§ **What to produce**
Except for the images, repeat the entries below word for word.

§ **Data excerpts**
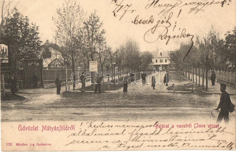 Leírás: Budapest XVI. Mátyásföld, Bejárat a vasútról (Imre utca), vendéglő, étterem, háttérben a Mátyás király szálloda (vágott / cut)
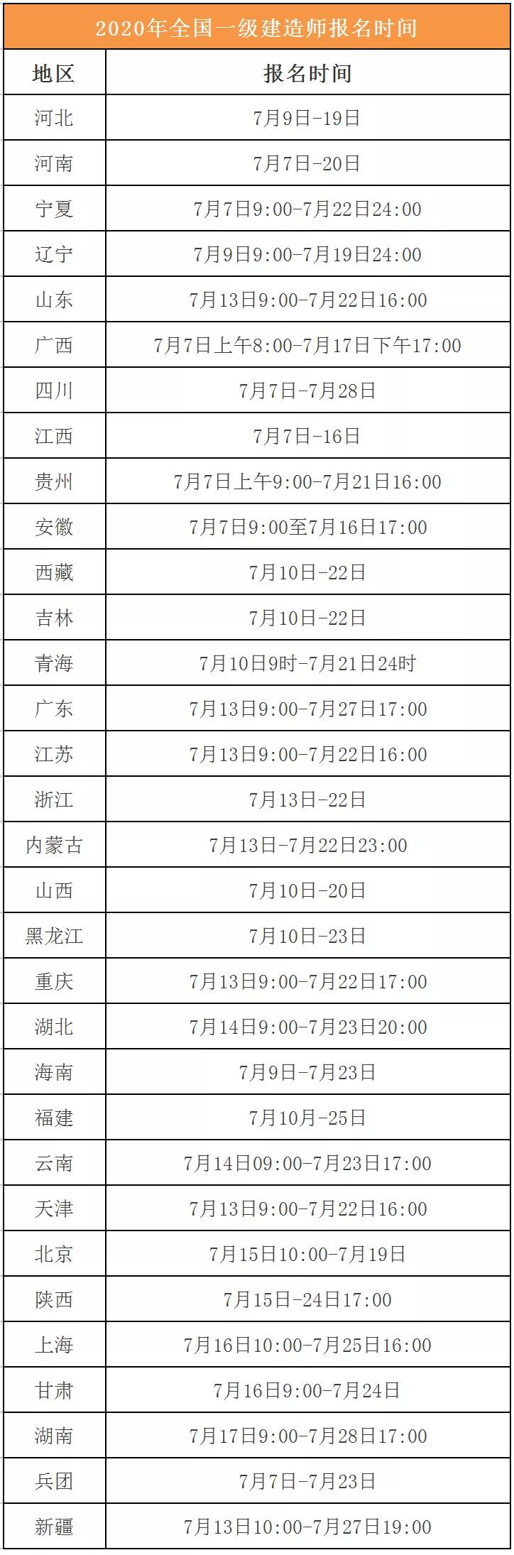 下面是2020年一建各省份報名時間匯總表,給大家作為一個參考。
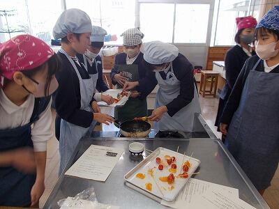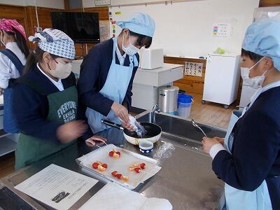 ちょっと煮つめすぎて苦くなったり、加熱時間が少なくてザラザラになったり、、、でも、うまくいった班もあり、おいしいフルーツあめが出来上がりました
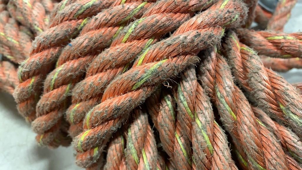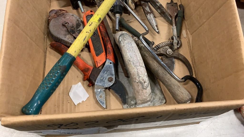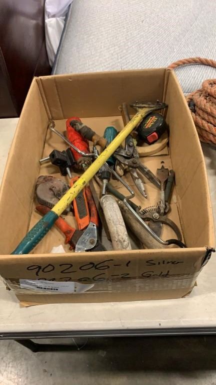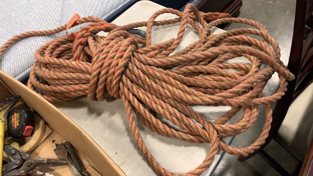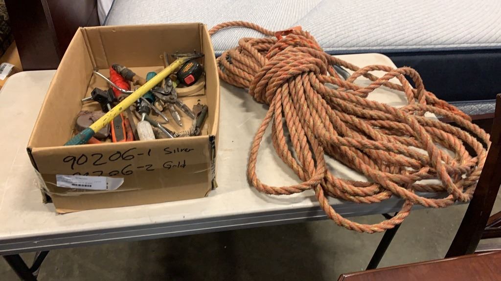 BOX OF TOOLS AND COIL OF 3/4" ROPE
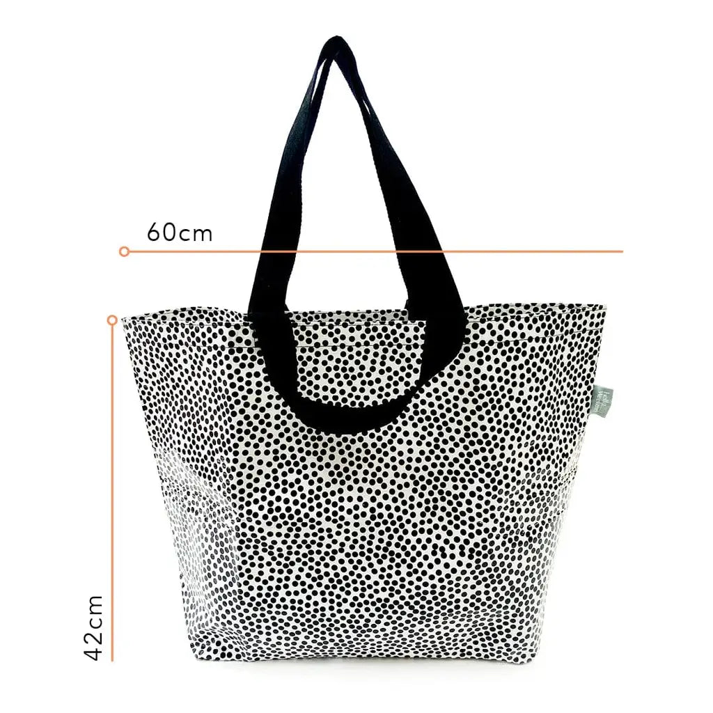 If bright colors aren’t your thing, this eye-catching black & white spotted print celebrates simplicity and sophistication. Feel good about choosing earth-saving products with this large tote bag. Not only is it eco-friendly - made from recycled plastic bottles - it’s beautifully designed for all occasions. Beach trips, weekends away, family picnics or just doing the grocery shopping. A lightweight, yet strong design means you’ll fit more in this bag than any other. Simply wipe clean, refold flat and tuck it away for next time.

§ **Result for this exercise**
 Leírás: Budapest XVI. Mátyásföld, Bejárat a vasútról (Imre utca), vendéglő, étterem, háttérben a Mátyás király szálloda (vágott / cut)
 下面是2020年一建各省份報名時間匯總表,給大家作為一個參考。
 ちょっと煮つめすぎて苦くなったり、加熱時間が少なくてザラザラになったり、、、でも、うまくいった班もあり、おいしいフルーツあめが出来上がりました
 BOX OF TOOLS AND COIL OF 3/4" ROPE
 If bright colors aren’t your thing, this eye-catching black & white spotted print celebrates simplicity and sophistication. Feel good about choosing earth-saving products with this large tote bag. Not only is it eco-friendly - made from recycled plastic bottles - it’s beautifully designed for all occasions. Beach trips, weekends away, family picnics or just doing the grocery shopping. A lightweight, yet strong design means you’ll fit more in this bag than any other. Simply wipe clean, refold flat and tuck it away for next time.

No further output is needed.